Not knowing any psych databases, I would start with PubMed.

 

Think of all of the available/searchable literature as forming a set, which you are going to filter down to a target subset of a size that can be examined by inspection.

  • Your first filter is to figure out the terms that should appear in your target subset. If your terms are pretty much unique to your inquiry, you may be done at this point.
  • Let's assume that the first filter narrowed the set down to something like 10^5 articles. Your second filter should be designed to eliminate those articles that likely have nothing to do with your inquiry (e.g., carving out all the circuits, acoustics, etc.). If you are being swamped by only one or 2 other fields (e.g., if circuit design frequently used "feedback intervention", and most of the search results involved circuits), you might try excluding a common circuit design term. Probably not "resistance", as that might also exclude relevant articles, but perhaps something like "voltage" or "microphone" would serve. Alternatively, you add a search term that is pretty specific to your field (if not to the subject of the inquiry).
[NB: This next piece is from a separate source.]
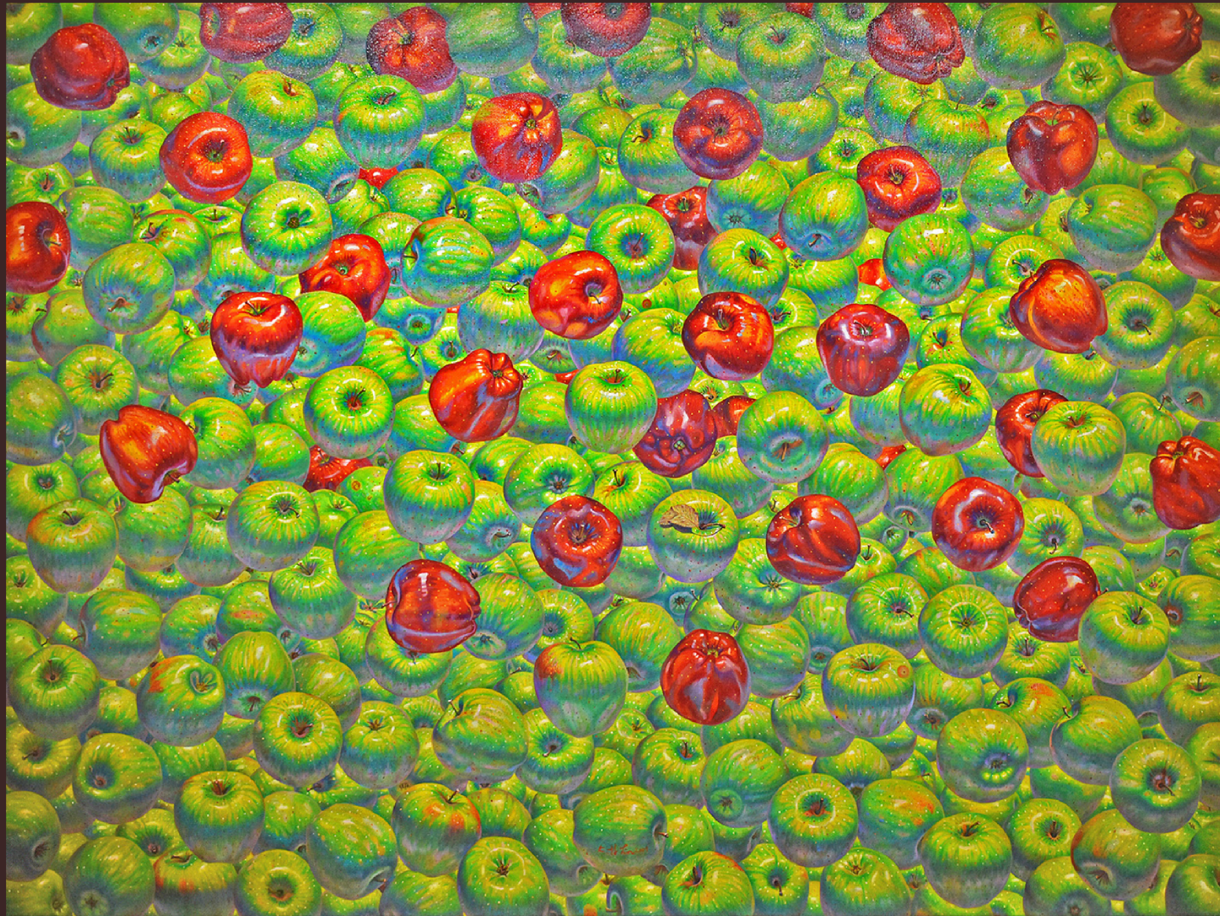
Harmony & Peace 2009 Oil on canvas | 150 x 200 cm

Perhaps "pedagogy" or something of the sort.
  • You should have good results after the second filter. Obviously, if you end up with zero, you need to relax the filter a bit (or check the spelling of your search terms :rolleyes:). If you managed to narrow it down to articles mainly in the correct field, but still have too many to inspect, try to find the review articles in the bunch, and start tracking down the footnote references.